# [EXERCISE OBJECTIVE]
Skip the pictures. Transcribe exactly the lines from the line containing "واللام تأتي لاستغراقِ" to the end of the listing.

# [DATASET EXTRACT]
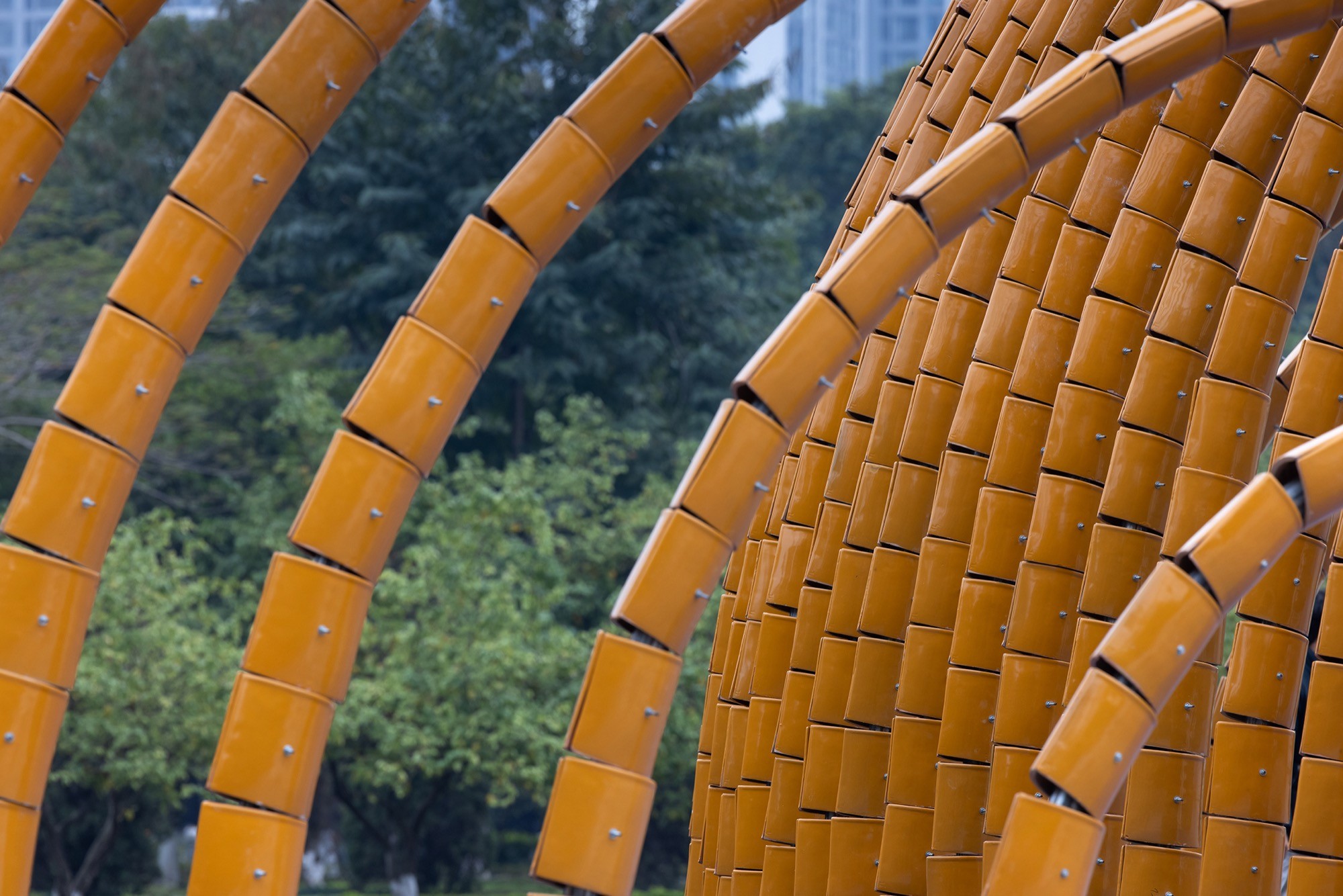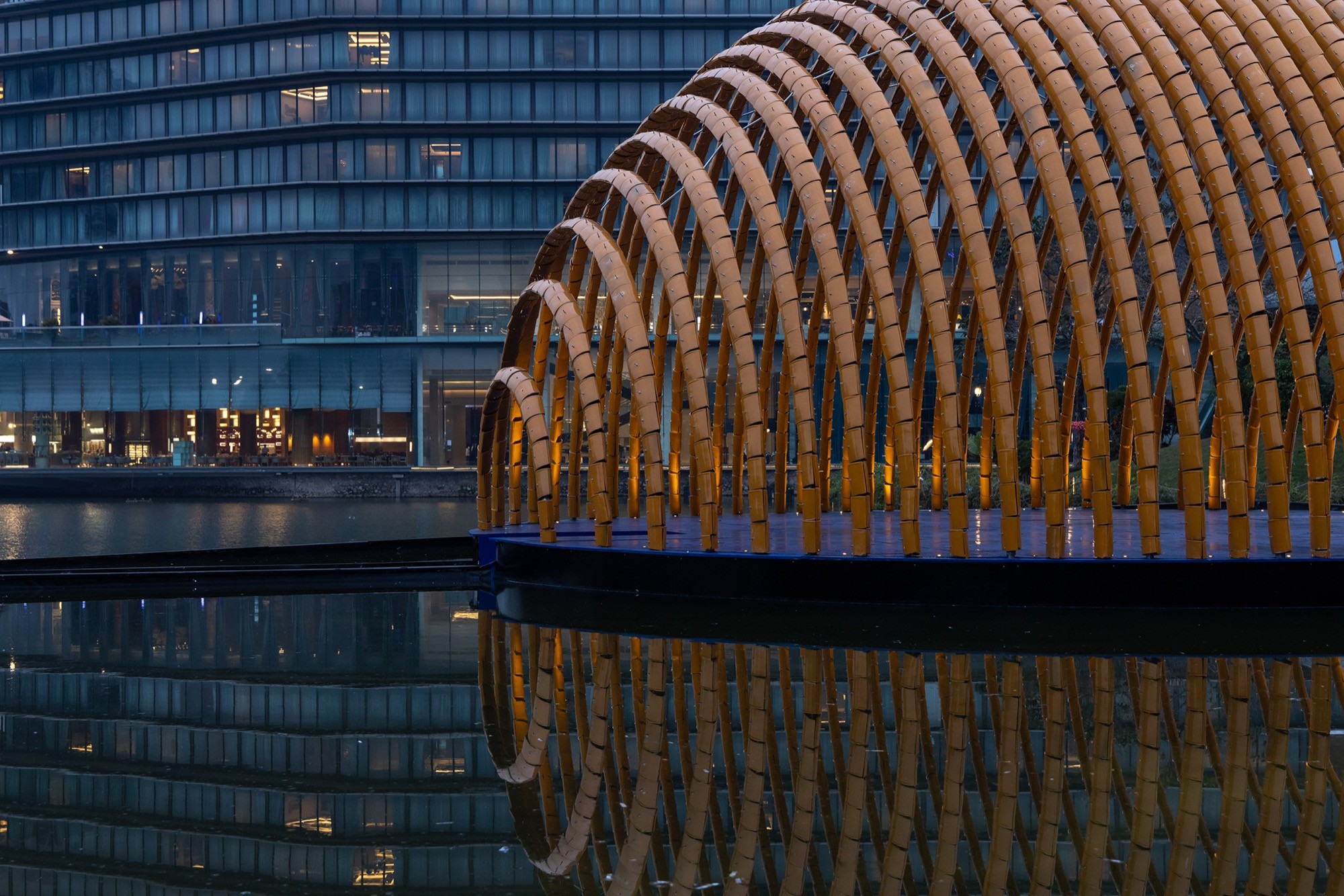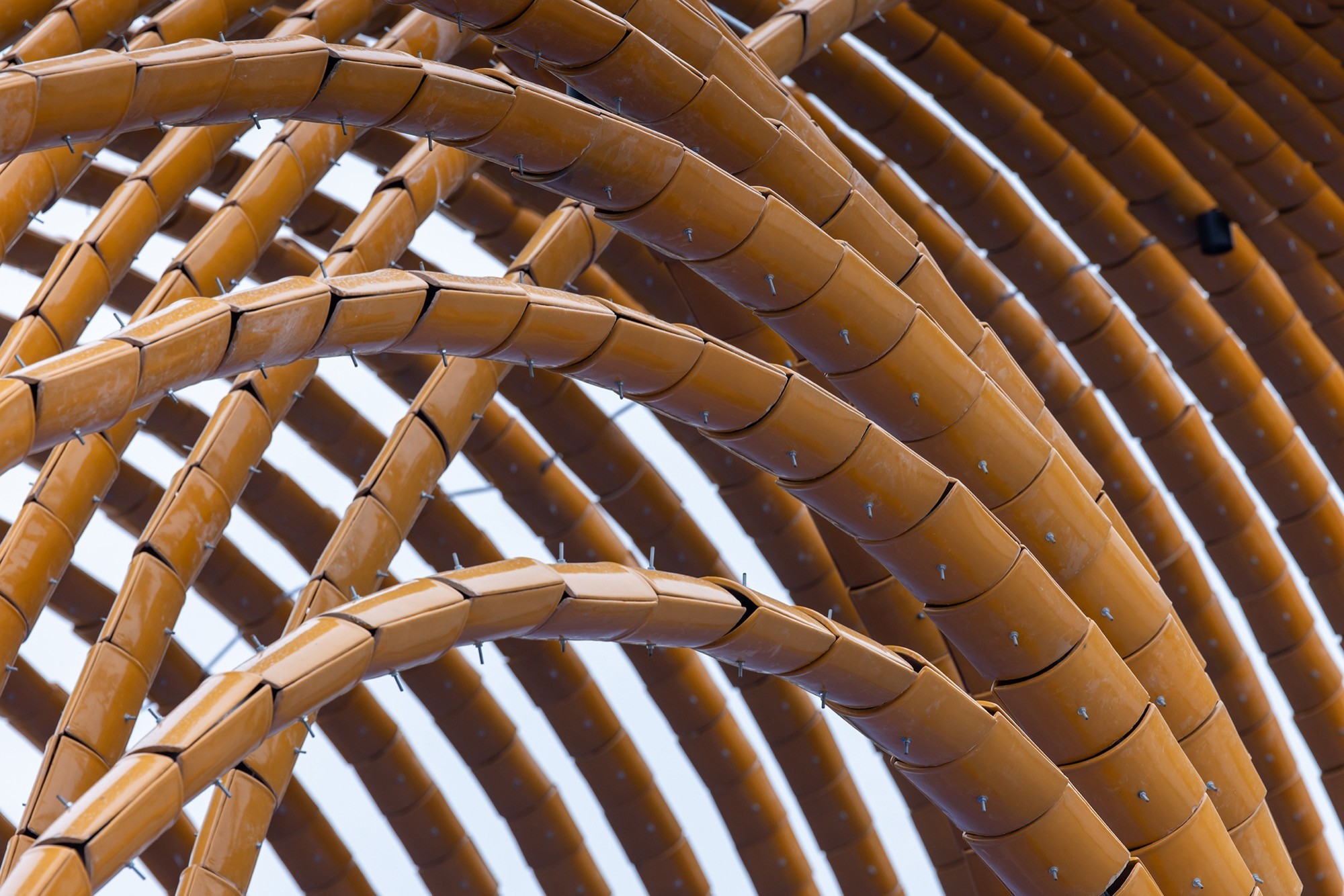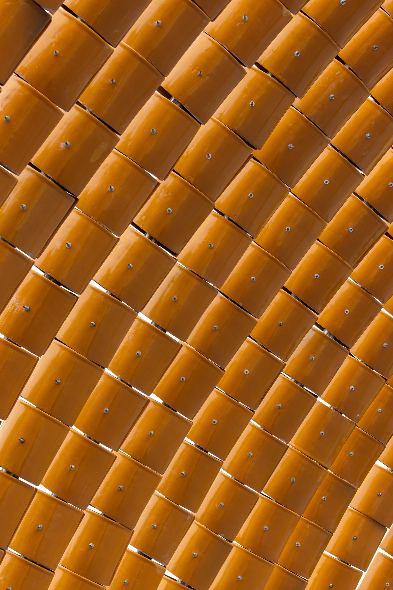 Ngói âm truyền thống tráng men vàng được sử dụng như vật liệu chủ đạo, định hình lớp vỏ với những lớp liên tưởng chồng xếp, từ giọt nước, đốt tre, đến những tia nước vươn lên và vòm trời căng sáng. Ở chiều ngược lại, đó cũng có thể là cơn “mưa vàng” nuôi dưỡng sự sống, một ẩn dụ nhẹ nhàng về chu trình tự nhiên và khả năng tái sinh của đô thị.
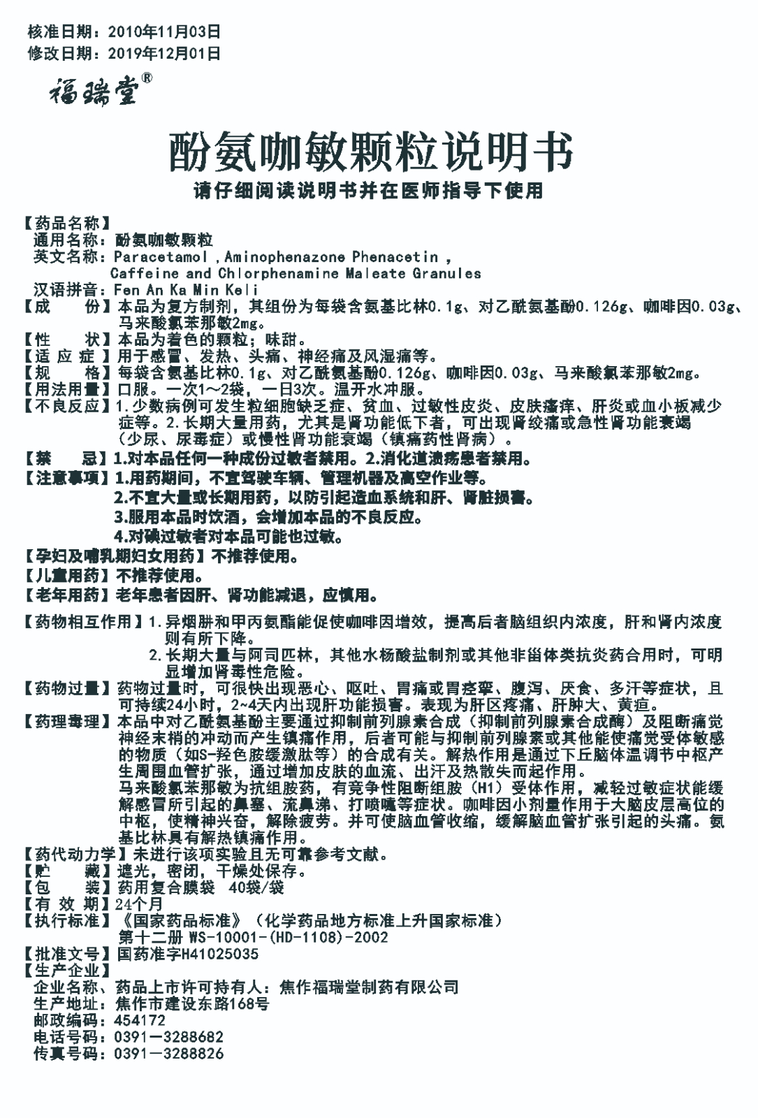 規格:每袋含氨基比林0.1g、對乙酰氨基酚0.126g、咖啡因0.03g、馬來酸氯苯那敏2mg。
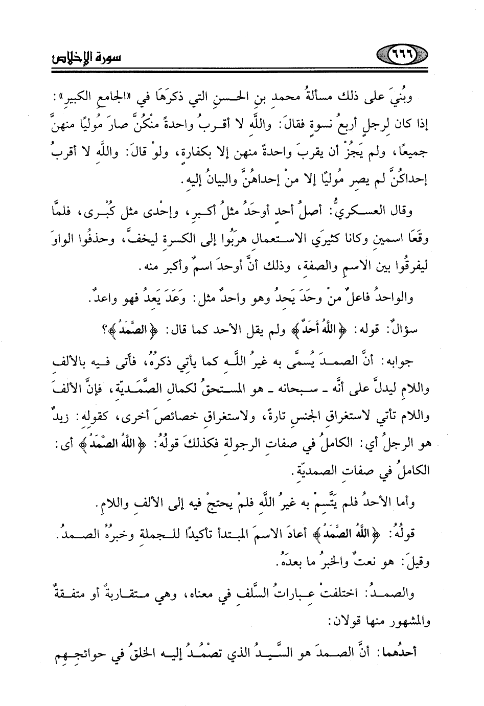 واللام تأتي لاستغراقِ الجنسِ تارةَّ، ولاستغراقِ خصائصَ أخرى، كقولِهِ: زيدٌ هو الرجلُ أي: الكاملُ في صفاتِ الرجولةِ فكذلكَ قولُهُ: (اللَّهُ الصَّمَدُ) أى: الكاملُ في صفاتِ الصمديَّةِ.
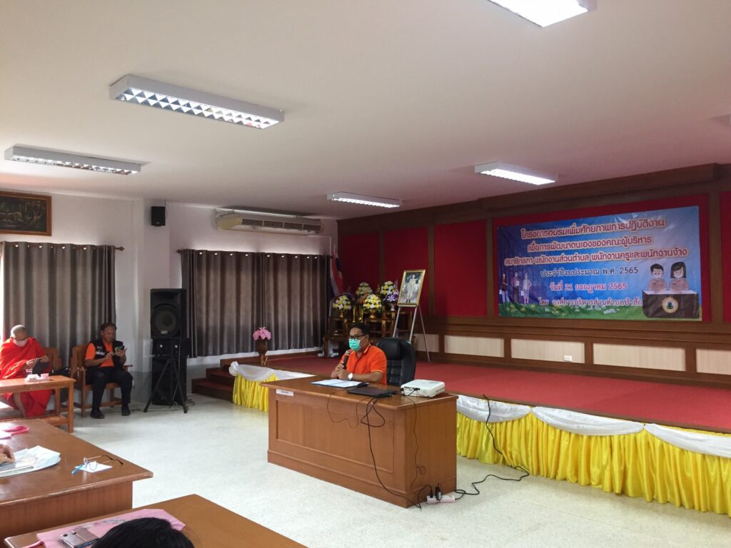 วันที่ 21 กรกฎาคม 2565 นายบุญส่ง เขียวใจ นายกองค์การบริหารส่วนตำบลป่าสัก เป็นประธานพิธี เปิดโครงการอบรมเพิ่มศักยภาพการปฏิบัติงาน เพื่อการพัฒนาตนเองของคณะผู้บริหาร สมาชิกสภา พนักงานส่วนตำบล พนักงานครูและพนักงานจ้าง ณ ห้องประชุมองค์การบริหารส่วนตำบลป่าสัก โดยได้รับเกียรติจากพระครูประดิษฐ์ธรรมสุนทร ท่านธิดา ไกรยนา ท้องถิ่นจังหวัดพะเยา และท่านสมชาย เจนวณิชย์วิบูล์ ได้บรรยายให้ความรู้ให้แก่ผู้เข้าร่วมโครงการ เพื่อเพิ่มพูนความรู้ พัฒนาทักษะ ความสามารถประสิทธิภาพและประสิทธิผลในการปฏิบัติงาน ภายใต้ระเบียบ ข้อกฎหมายที่กำหนด

# [RESULT FOR THIS TASK]
 واللام تأتي لاستغراقِ الجنسِ تارةَّ، ولاستغراقِ خصائصَ أخرى، كقولِهِ: زيدٌ هو الرجلُ أي: الكاملُ في صفاتِ الرجولةِ فكذلكَ قولُهُ: (اللَّهُ الصَّمَدُ) أى: الكاملُ في صفاتِ الصمديَّةِ.
 วันที่ 21 กรกฎาคม 2565 นายบุญส่ง เขียวใจ นายกองค์การบริหารส่วนตำบลป่าสัก เป็นประธานพิธี เปิดโครงการอบรมเพิ่มศักยภาพการปฏิบัติงาน เพื่อการพัฒนาตนเองของคณะผู้บริหาร สมาชิกสภา พนักงานส่วนตำบล พนักงานครูและพนักงานจ้าง ณ ห้องประชุมองค์การบริหารส่วนตำบลป่าสัก โดยได้รับเกียรติจากพระครูประดิษฐ์ธรรมสุนทร ท่านธิดา ไกรยนา ท้องถิ่นจังหวัดพะเยา และท่านสมชาย เจนวณิชย์วิบูล์ ได้บรรยายให้ความรู้ให้แก่ผู้เข้าร่วมโครงการ เพื่อเพิ่มพูนความรู้ พัฒนาทักษะ ความสามารถประสิทธิภาพและประสิทธิผลในการปฏิบัติงาน ภายใต้ระเบียบ ข้อกฎหมายที่กำหนด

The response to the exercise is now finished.